- _DATA EXTRACT_
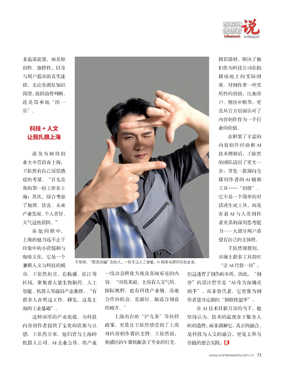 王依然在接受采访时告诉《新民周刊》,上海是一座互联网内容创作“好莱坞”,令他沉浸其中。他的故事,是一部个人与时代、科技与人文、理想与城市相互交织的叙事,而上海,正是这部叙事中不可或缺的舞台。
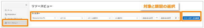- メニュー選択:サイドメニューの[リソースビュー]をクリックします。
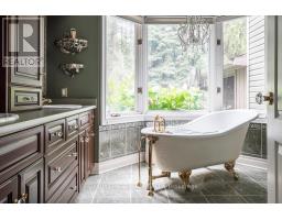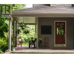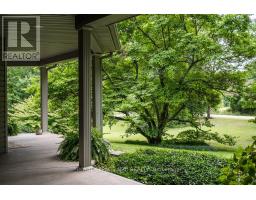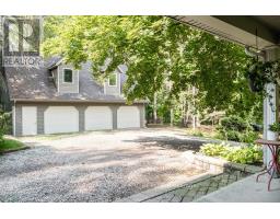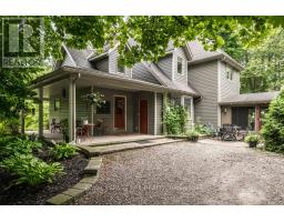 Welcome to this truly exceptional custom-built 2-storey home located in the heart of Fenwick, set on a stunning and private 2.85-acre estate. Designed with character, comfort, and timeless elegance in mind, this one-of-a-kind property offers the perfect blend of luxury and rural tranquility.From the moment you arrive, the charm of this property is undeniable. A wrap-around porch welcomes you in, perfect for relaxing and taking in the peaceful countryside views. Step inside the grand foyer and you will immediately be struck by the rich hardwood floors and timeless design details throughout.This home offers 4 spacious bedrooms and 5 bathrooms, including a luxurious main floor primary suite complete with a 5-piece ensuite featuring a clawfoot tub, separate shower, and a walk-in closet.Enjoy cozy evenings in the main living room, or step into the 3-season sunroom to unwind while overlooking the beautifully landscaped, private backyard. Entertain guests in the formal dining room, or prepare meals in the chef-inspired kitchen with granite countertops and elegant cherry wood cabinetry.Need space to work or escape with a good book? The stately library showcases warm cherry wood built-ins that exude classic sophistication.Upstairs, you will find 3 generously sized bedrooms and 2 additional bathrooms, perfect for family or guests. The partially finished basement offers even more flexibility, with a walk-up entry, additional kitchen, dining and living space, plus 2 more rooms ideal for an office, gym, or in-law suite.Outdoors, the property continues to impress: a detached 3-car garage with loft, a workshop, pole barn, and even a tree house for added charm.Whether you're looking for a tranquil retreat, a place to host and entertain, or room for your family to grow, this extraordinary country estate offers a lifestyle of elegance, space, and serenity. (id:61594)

- _TASK OBJECTIVE_
Please, without any pictures, write out exactly the lines of the listing from its first line through the line that holds "- メニュー選択:サイドメニューの[リソースビュー]をクリックします。", ends included, and nothing beyond them.

- _THE COMPLETED TASK_
 王依然在接受采访时告诉《新民周刊》,上海是一座互联网内容创作“好莱坞”,令他沉浸其中。他的故事,是一部个人与时代、科技与人文、理想与城市相互交织的叙事,而上海,正是这部叙事中不可或缺的舞台。
- メニュー選択:サイドメニューの[リソースビュー]をクリックします。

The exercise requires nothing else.